Bird agrees that it is marketers’ responsibility to work out what consumers want and then shape the company’s offering on that basis, rather than waste time in activities that aim to create demand for products and services that already exist.
In the case of AstraZeneca, Bailey says this is achieved by learning from marketing leaders outside the pharmaceuticals industry. Instead of thinking about what drugs could be developed next, it now looks at how it can best meet the needs of its customers, he says. “What differentiates world-class companies is a genuine culture of insightfulness. Our change of strategy is about bringing the customer into the organisation on a scale far beyond that which we’ve previously done and taking really powerful brand ideas from that,” he says.
Part of this is developing single-minded propositions for its medicines, which include oncology, neuroscience and cardiovascular drugs. “Unilever’s Helen Lewis told us that marketers want to work on a powerful brand idea and then they are much more likely to execute it in a way that is consistent. We hadn’t worked with that clarity of branding before. It was an entirely new concept that we took from the consumer goods world,” Bailey says.
While great marketers have to have technical skill, such as being able to find market opportunities, they also have a certain style in how they work. “It’s not just about what you are doing, it’s also about who you are being,” says Bird. “Leaders inspire with a vision of the future, they have courage, conviction and insight about what is possible,” he says.
Bird says that marketing leaders also need to ensure their own values and sense of purpose match the aims of the business.
“There has to be a link between what a marketing leader believes in and what the company is trying to achieve. That is when leaders are at their best, when they are trying to inspire and move the organisation to a place where it can do something they believe in,” he says.
Leaders draw their strength from a deep-seated will or purpose, says Bird.

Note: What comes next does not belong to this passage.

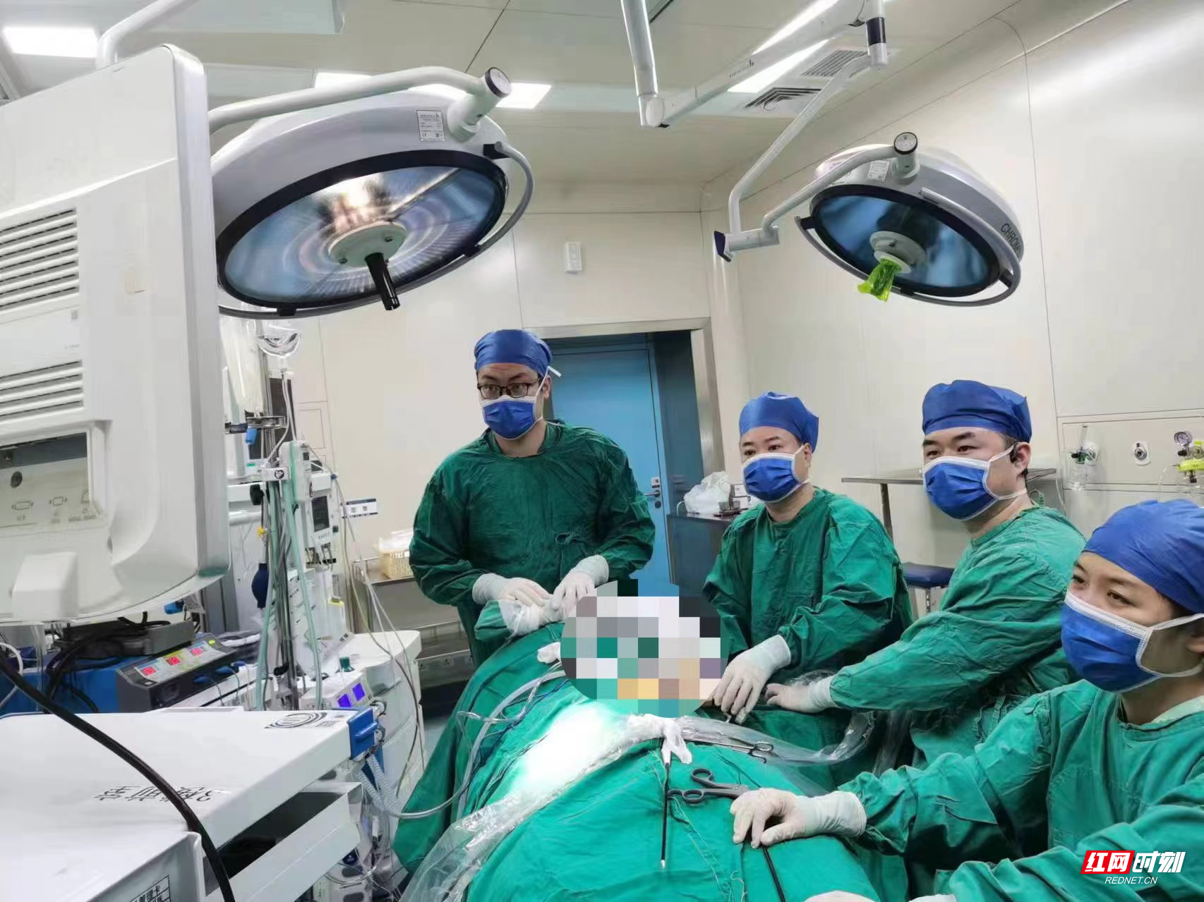 乳甲外科团队正在为患者实施腔镜微创乳腺癌根治术。

However, Nick Fell, group marketing director at alcohol company SAB Miller, warns that sometimes egos can get in the way of achieving the company’s goals. “Given a choice between a brand that is global but is executed in 15 different ways in 15 different markets and growing at 20% in all of them, and one that is executed the same way everywhere and is standing still, you’d have to be a dummy not to go for the first case,” he says.
“But it is the natural traction of global marketers to go for the commonality everywhere so they can say: ‘I did that’. There’s vanity in all managers – maybe in marketing people more than most – and that’s one of their downfalls.”

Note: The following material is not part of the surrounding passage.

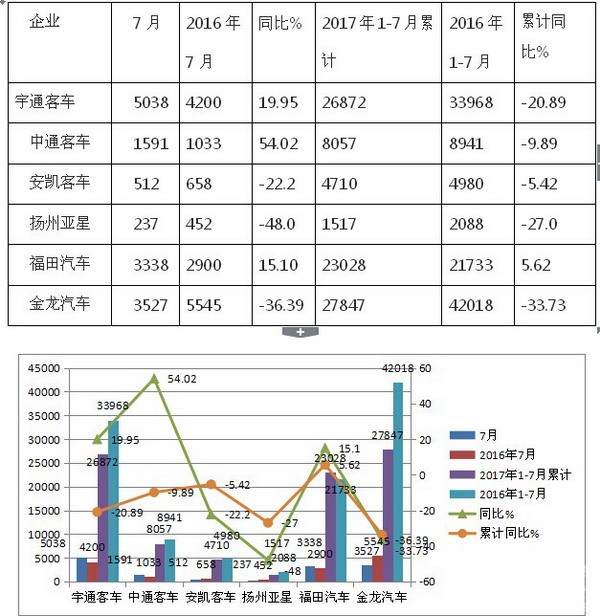 二、对各上市客车公司2017年7月及1-7月销量解析

Great marketers need to be able to leave their egos behind and create genuine value for consumers as well as for the business, and to connect measurement of consumer attitudes and behaviour with measurement of business performance, says Bird.
“It’s quite easy to create value for consumers in the short term – you can just cut prices or improve product quality – but that might undermine the commercial viability of the business. Equally, you can do the opposite and create value for the business, but then you’ll lose customers as they will get a better deal elsewhere. So finding ways to create value for consumers in ways that will also generate commercial value for the company is what it’s all about,” he explains.

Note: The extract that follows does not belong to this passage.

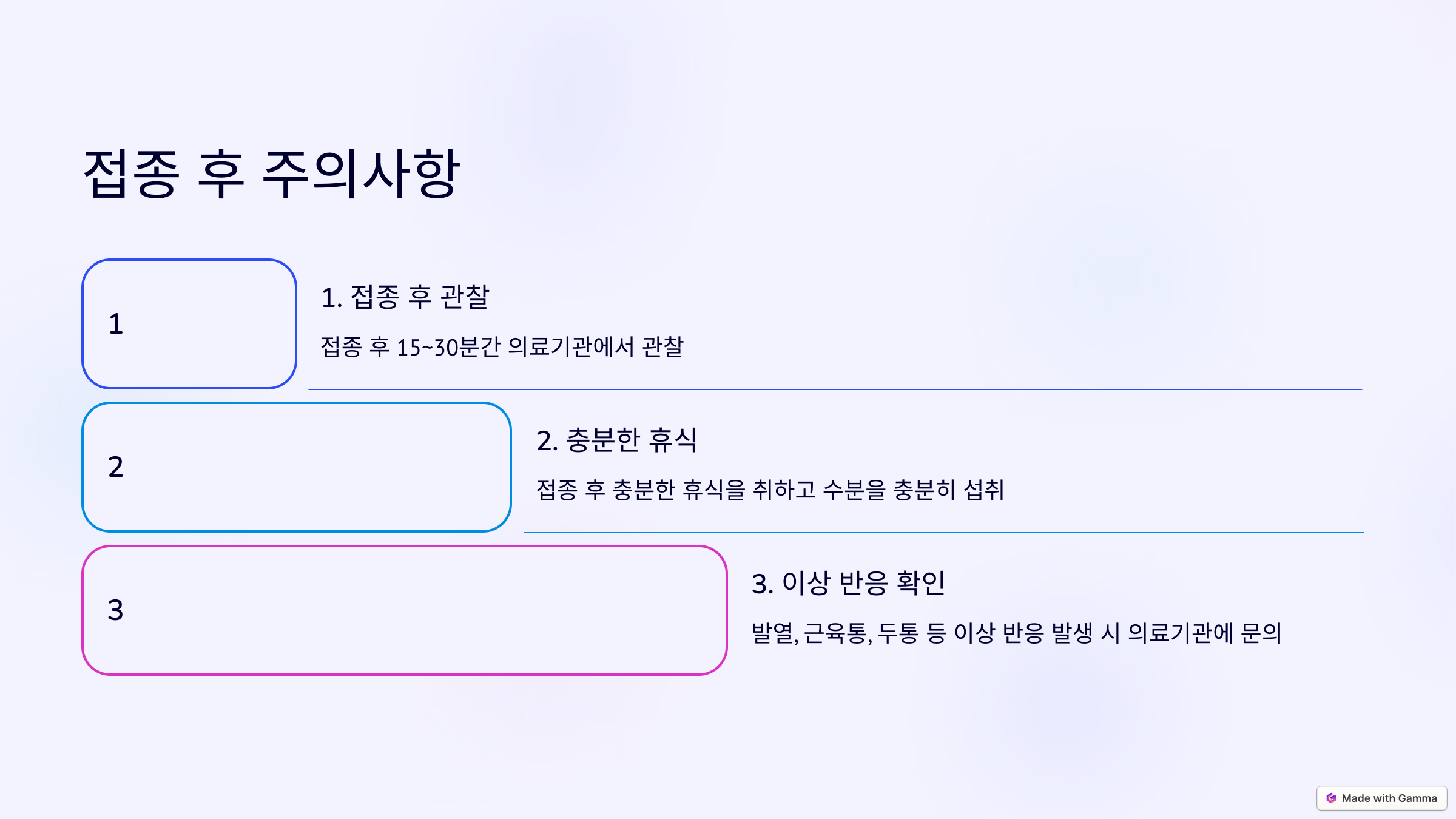 접종 후 충분한 휴식과 수분 섭취가 필요합니다.

Having a firm grasp on the figures is another way to gain the attention of the chief executive. It is vital that marketers balance their intuitive side with a focus on the numbers, the margins, and the delivery of results.
Bird says: “If a marketer can excite a CEO with a vision of where growth will come from and the commercial opportunity associated with it, then he or she will build influence and connection with the senior members of the company.”